GREAT FALLS - The Montana Department of Agriculture introduced an inaugural Montana Ag-Tech Innovation and Investment Summit.
The inaugural event is to push agriculture forward.
An all-day event on Jan. 24, hosted guest speakers, networking opportunities and a Shark Tank style “Pitch Arena.”
A stack of applicants, narrowed to 10 finalists — prepared to deliver a 60-second elevator pitch to industry leaders and potential investors.
David Sands and Claire Sands Baker were one of ten finalists — and a father-daughter duo.
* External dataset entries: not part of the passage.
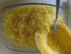 - Créez les « spaghettis » : Une fois tiédie, grattez la chair avec une fourchette pour former des filaments. Réservez.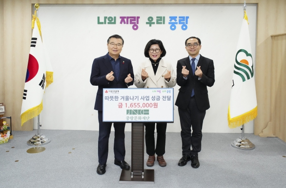 류경기 구청장은 “하나하나 모여진 따뜻한 사랑이 어려움을 겪고 있는 이웃들에게 희망찬 새해를 시작할 수 있는 큰 힘이 될 것”이라며 “중랑문화재단과 중랑재가장기요양기관연합회, ㈜신아주에 감사드린다”고 말했다.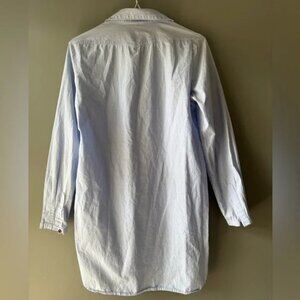 H&M, size 8, pleated blue long fitted, long sleeve button down dress shirt

“I have to say now is the time,” stated David.
“This is actually our launch day,” added Claire.
Claire Sands Baker is the CEO and co-founder of Kuvu Bio Solutions, a biological herbicide company.
Her father, David, is a former Montana State University professor in the Plant Sciences and Plant Pathology Department.
“A plant cell is very much like a computer. It has to make a hundred decisions a minute. In that, it can throw away certain genes that are not efficient and that becomes a weakness. If you understand how computers work, then plants work the same way.” Dr. Sands explained.
The science the two are working with are different than what is being used today.
The chemical herbicide industry earns $35 billion per year. Herbicides that are synthetically made.
The science the Sands duo is working on is taking, herbicide-resistant weeds, and using plant biology and fungi, to defeat it.
It is something the two have piloted in Kenya, Africa.
“It's very important to understand where the farmers are coming from. So, that product there that was developed is human-centered design. Women farmers, small scale farmers are planting with their hands. We had to have a way to distribute this product that is going to work with them. We'll do the same thing as we develop products in the United States.” Clare said.
The research the two found in Kenya focuses on food security in developing countries.
What it can bring to farmers in the United States — is fighting evolution with evolution.
“Let's let the fungus do what it’s been doing for a million years,” explained Dr. Sands, “Just rely on the fungus, on its own biology and just help it out a little bit. That's a new technology. That's a new way of thinking and farmers love it.”
Dr. Sands’ findings and career as an instructor far surpass his daughter’s company.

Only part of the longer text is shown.